The complex between perdeuterated human arginase I and ABH was crystallized by the sitting drop vapor diffusion method at 294 K. An initial Index Screen (Hampton Research) identified fourteen different conditions under which crystals appeared overnight. In particular, because of the formation of fewer nuclei and bigger crystals, one condition was most suitable for growing larger crystals. Drops containing 4.0 μL of enzyme solution [3.5 mg/mL perdeuterated human arginase I, 0.1 mM MnCl₂, 1.4 mM ABH, 50.0 mM bicine (pH 8.5)] and 4.0 μL of precipitant buffer [0.1 M Bis-Tris-HCl (pH 5.5), 10–20% (wt/vol) PEG-3350] were equilibrated against a 1 mL reservoir of precipitant buffer. Rod-like crystals appeared in approximately 1–2 days and grew to typical dimensions of 0.2 mm × 0.2 mm × 0.5 mm in one week. These crystallization conditions differed slightly from those initially employed in the crystallization of the unlabeled enzyme in terms of protein concentrations, pH, and the variety of PEG used as a precipitant [5].

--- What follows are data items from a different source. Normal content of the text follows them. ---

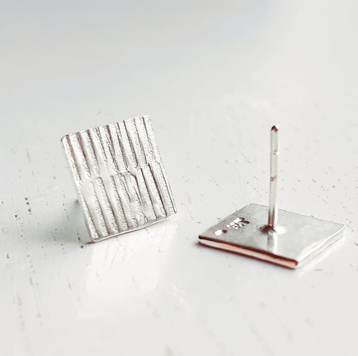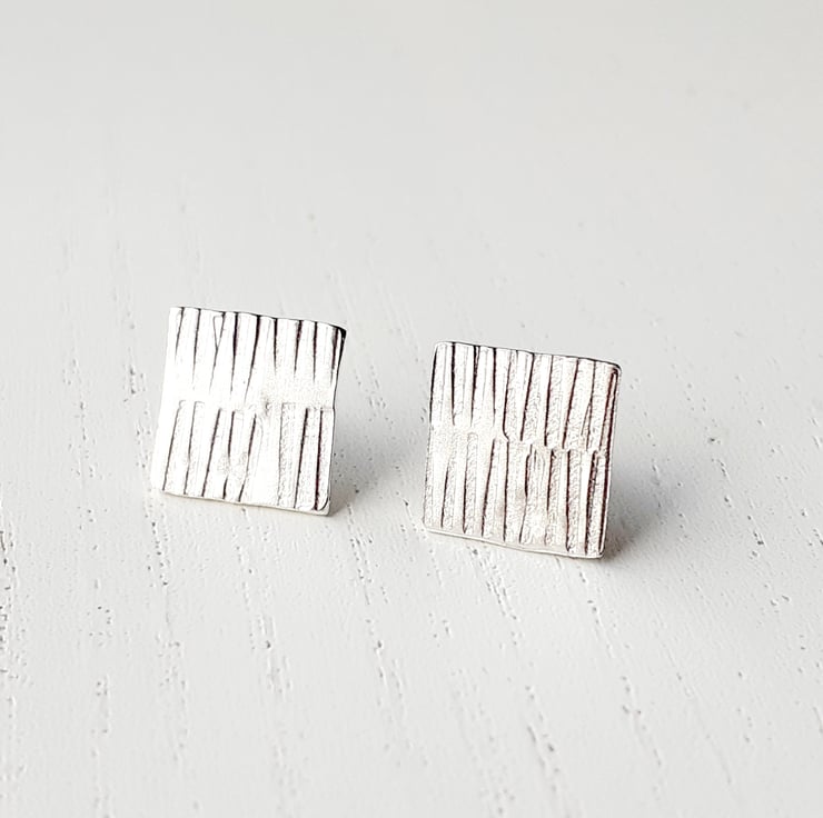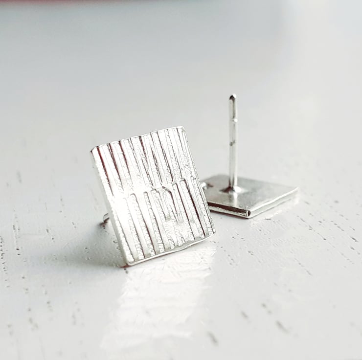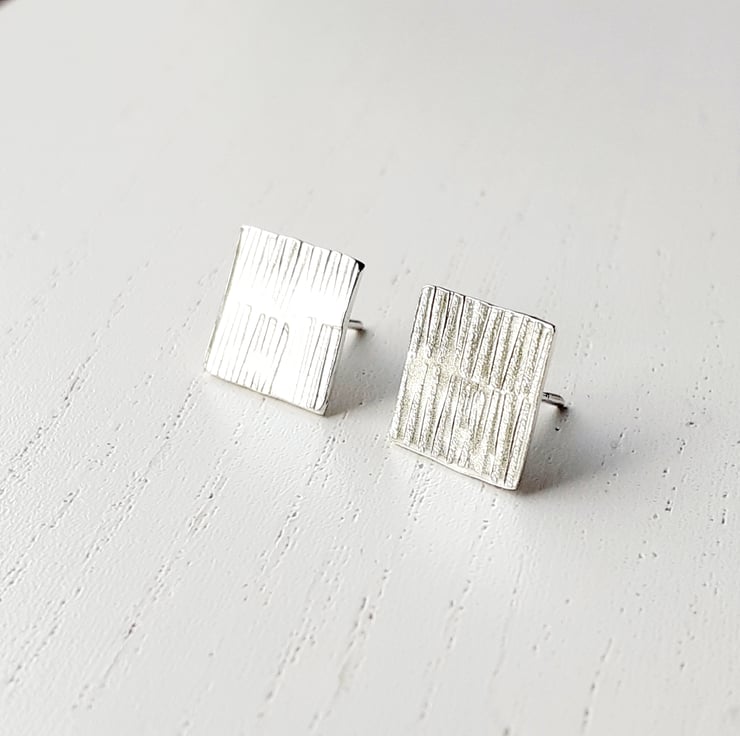 Square stud Sterling Silver earrings textured hammered & tumbled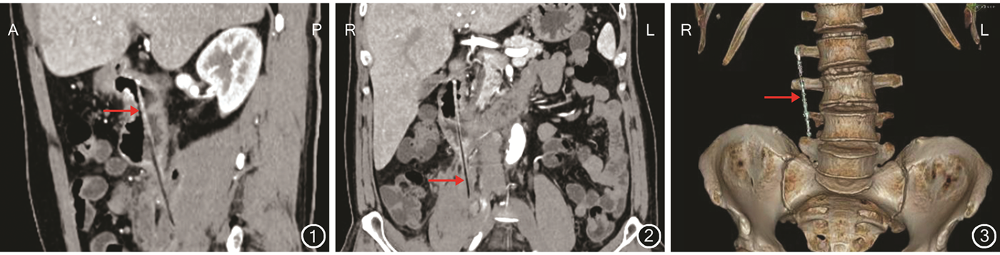 患者男,52岁。因右季肋区及腰背部疼痛10 d伴发热入院。患者10 d前无明显诱因出现右季肋区及右侧腰背部疼痛,伴恶心、呕吐,肛门排气、排便停止。曾于当地医院就诊,腹部X线片检查结果示部分肠道扩张,口服头孢哌酮后病情未好转,遂就诊于我科。患者有原发性高血压病史10年,无心脏病史、糖尿病史;自述6年前曾酒后吞食木筷,无明显症状,未予诊断与治疗。患者入院体格检查:体温38.0 ℃,心率78次/min,呼吸17次/min,血压150/100 mmHg(1 mmHg=0.133 kPa);腹部膨隆,轻度腹胀,右季肋区压痛、反跳痛、局部肌紧张;移动性浊音阴性,肠鸣音减弱;右肾区叩击痛,右输尿管走行区可疑压痛,其余体格检查均为阴性。患者入院辅助检查:WBC计数14.38×109/L,嗜中性粒细胞85%,C-反应蛋白20.44 mg/L。患者术前拒行胃镜检查。腹部增强CT检查结果显示:十二指肠降部条状高密度异物影,边界清晰,异物穿破十二指肠降部向下刺入右侧腰大肌,腹膜后少量积气伴周围脓肿形成,病灶局部与右侧输尿管中段分界不清晰。见图1, 2, 3。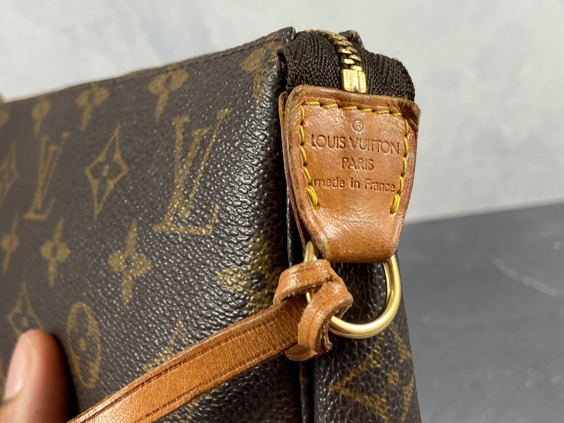 - condition as pictured (pochette is in pretty nice condition for its age, strap is very used and zipper pull missing but the pochette is still good usable)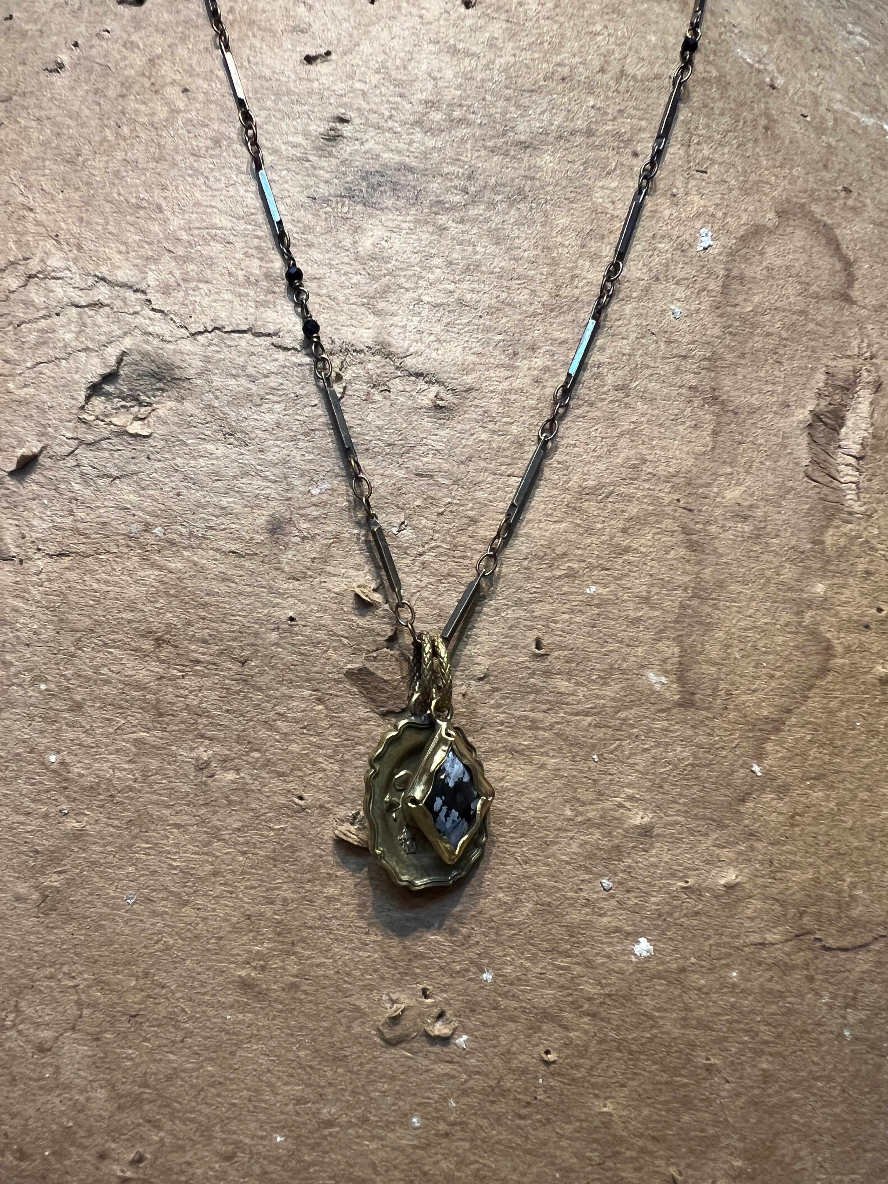 [ 素材 ] スノーフレークオブシディアン×オニキス×真鍮古美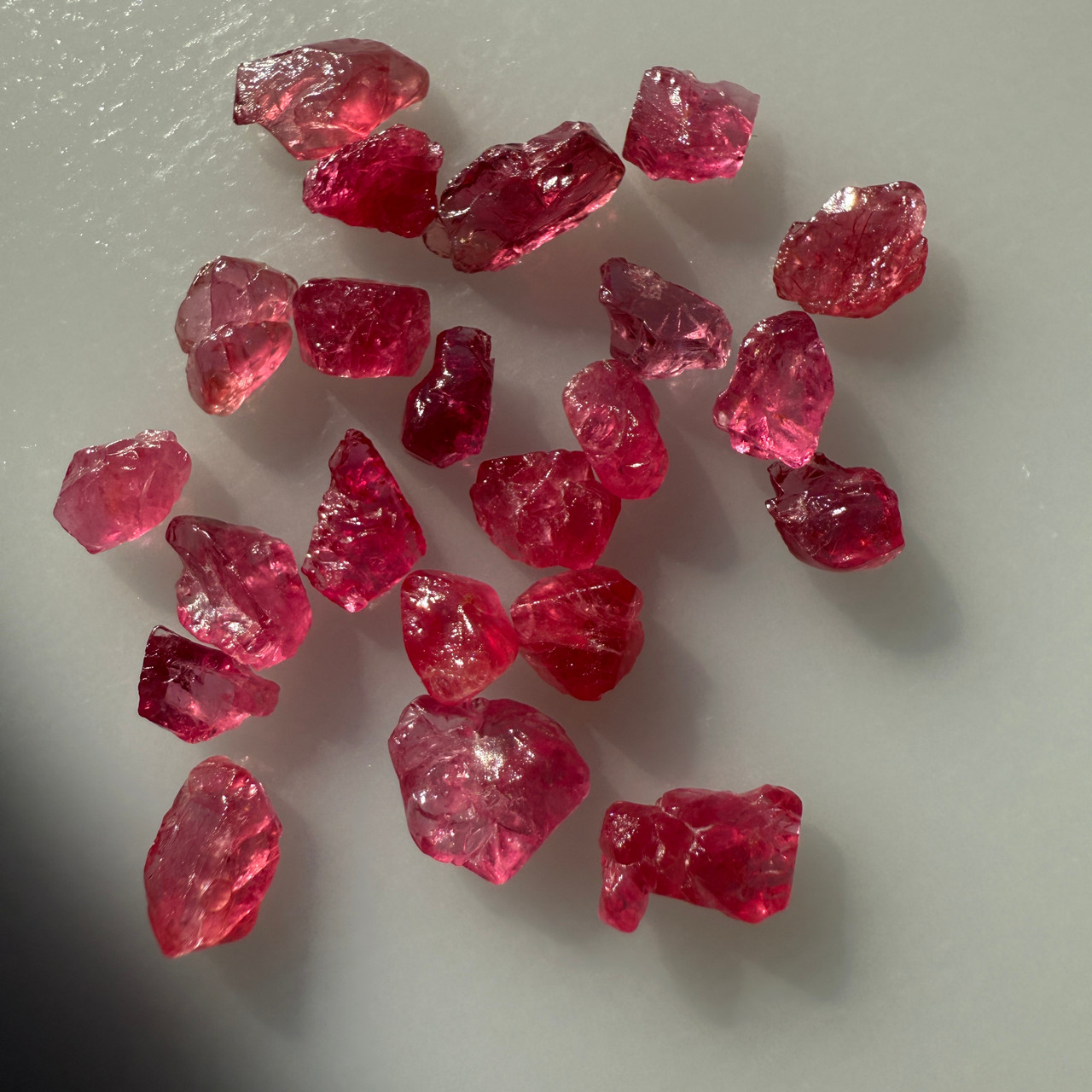 NAME:Natural Spinel Uncut Rough 22 Pieces 24.36 Carats Crimson Red-Hot Pink Color 5A Quality Burmese Mines Raw Gemstone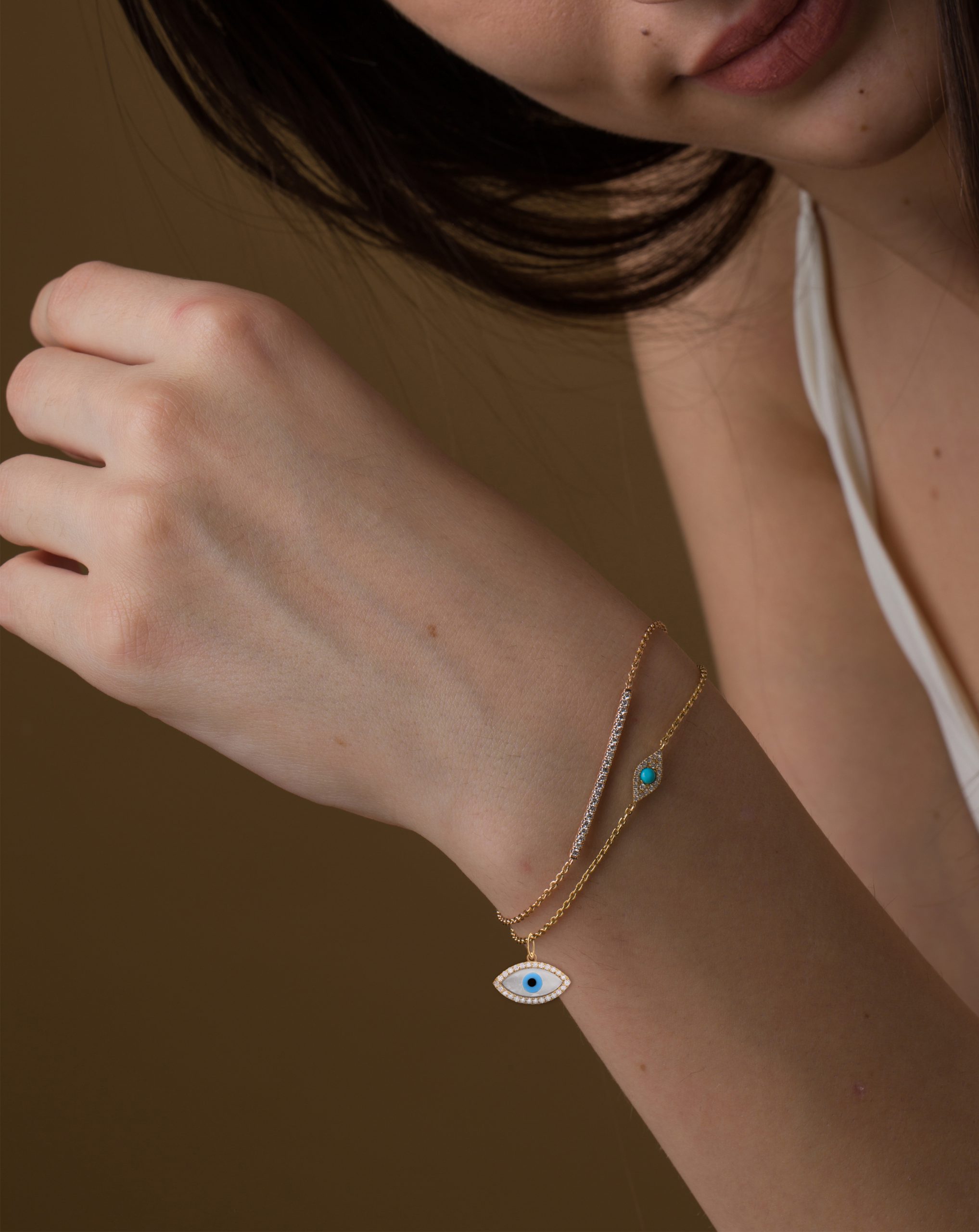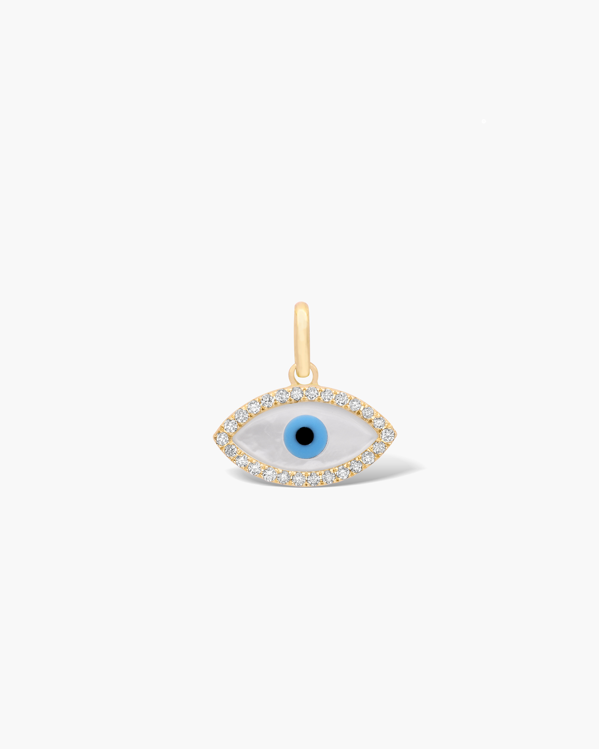 Our solid gold Diamond Frame Evil Eye Charm / Pendant is outlined with shimmering diamonds and has an inlay of mother of pearl and turquoise evil eye pupil detail all set in solid gold. It features one of the most ancient and powerful symbols of protection against evil.

Prior to X-ray diffraction data collection, exchangeable protons were substituted with deuterons by equilibrating crystals in precipitant buffer prepared with D₂O and 100 mM Bis-Tris-DCl (pD 6.6) for three days. Crystals were cryoprotected in mother liquor containing 28% glycerol-d₈ prior to flash-cooling and yielded diffraction data to 1.90 Å resolution at the Brookhaven National Laboratory (Upton, NY) on beamline X29A (λ=1.000 Å, 100 K) using an ADSC Quantum 315 detector. Data reduction was achieved with Mosflm [20]. X-ray diffraction intensities measured from these crystals exhibited symmetry consistent with the apparent space group P6 (unit cell parameters a = b = 90.8 Å, c = 69.5 Å). The analysis of measured intensities revealed deviations from ideal Wilson statistics with <I²>/<I>² ≈ 1.5 (statistical analyses were performed using the Merohedral Crystal Twinning Server at the UCLA-DOE Institute for Genomics and Proteomics, http://www.doe-mbi.ucla.edu), indicative of perfect hemihedral twinning (i.e., twin fraction = 0.5) that convoluted the true crystallographic P3 symmetry. The unit cell parameters were characteristic for a twinned crystal, in that the c-axis of the twinned crystal was one-half the length of the c-axis of untwinned rat arginase I crystals belonging to space group P3₂ [3]. Similar crystal twinning complications were encountered in the structure determinations of unlabeled (i.e., non-deuterated) human arginase I complexed with ABH [5], the E256Q unlabeled human arginase I-BEC complex (PDB accession code 1WVB), the rat arginase I-ABH complex [14], the rat arginase I-BEC complex [21], and the E101H rat arginase I-BEC complex [22].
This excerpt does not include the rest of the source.